# What is expected
Reproduce each line below precisely. Drop the pictures.

# Given data
•••
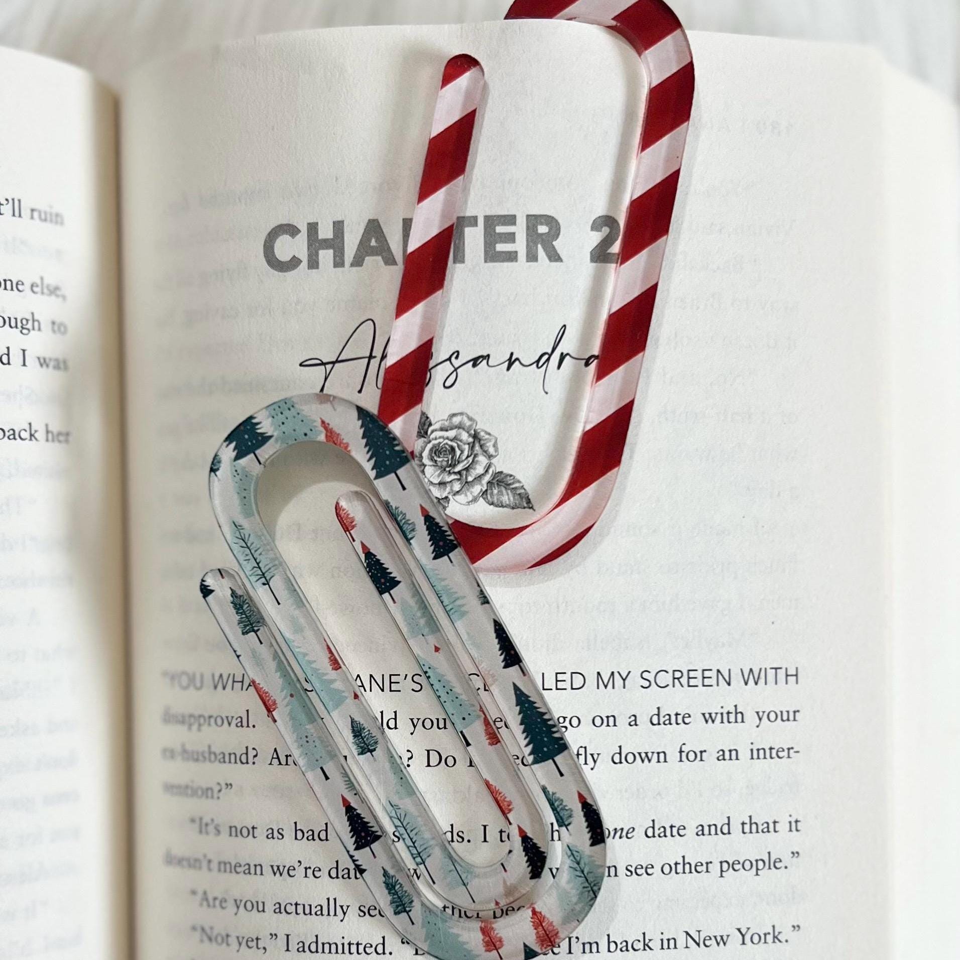 Cozy up to your favorite book this holiday season with a cute, personalized paperclip style bookmark. Made of 1/8-inch-thick cast acrylic, sublimated design. Approximately 3.57 inches long and 1.52 inches wide.
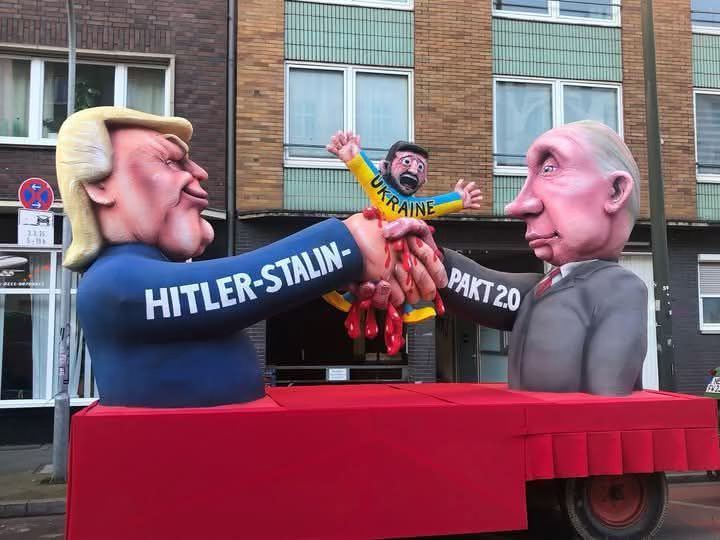 У Дюссельдорфі, що на заході Німеччини, побачили художнє відображення дій президента США Дональда Трампа та російського диктатора Володимира Путіна щодо України.
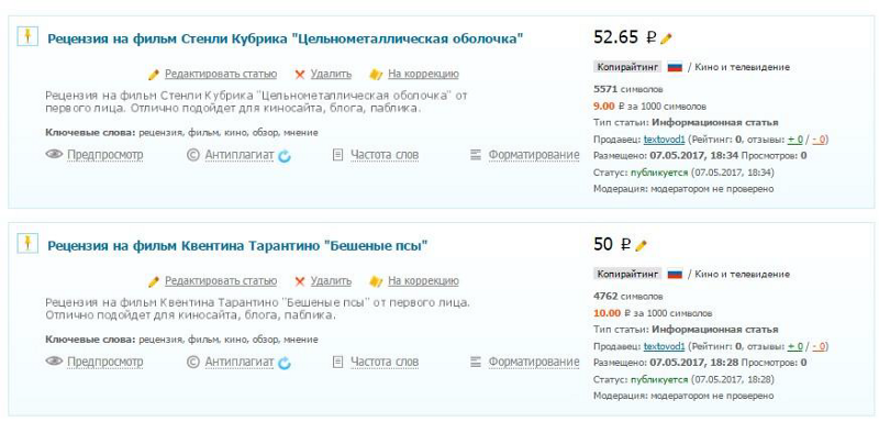После того, как ненужные слова убраны и текст «причесан», добавляем его на биржу для продажи!
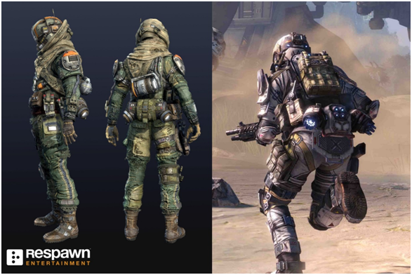 -Before landing on the ground on two feet, as if he just jumped a foot or two, the booster pack softening the fall-
•••
# Solution to this exercise
 Cozy up to your favorite book this holiday season with a cute, personalized paperclip style bookmark. Made of 1/8-inch-thick cast acrylic, sublimated design. Approximately 3.57 inches long and 1.52 inches wide.
 У Дюссельдорфі, що на заході Німеччини, побачили художнє відображення дій президента США Дональда Трампа та російського диктатора Володимира Путіна щодо України.
После того, как ненужные слова убраны и текст «причесан», добавляем его на биржу для продажи!
 -Before landing on the ground on two feet, as if he just jumped a foot or two, the booster pack softening the fall-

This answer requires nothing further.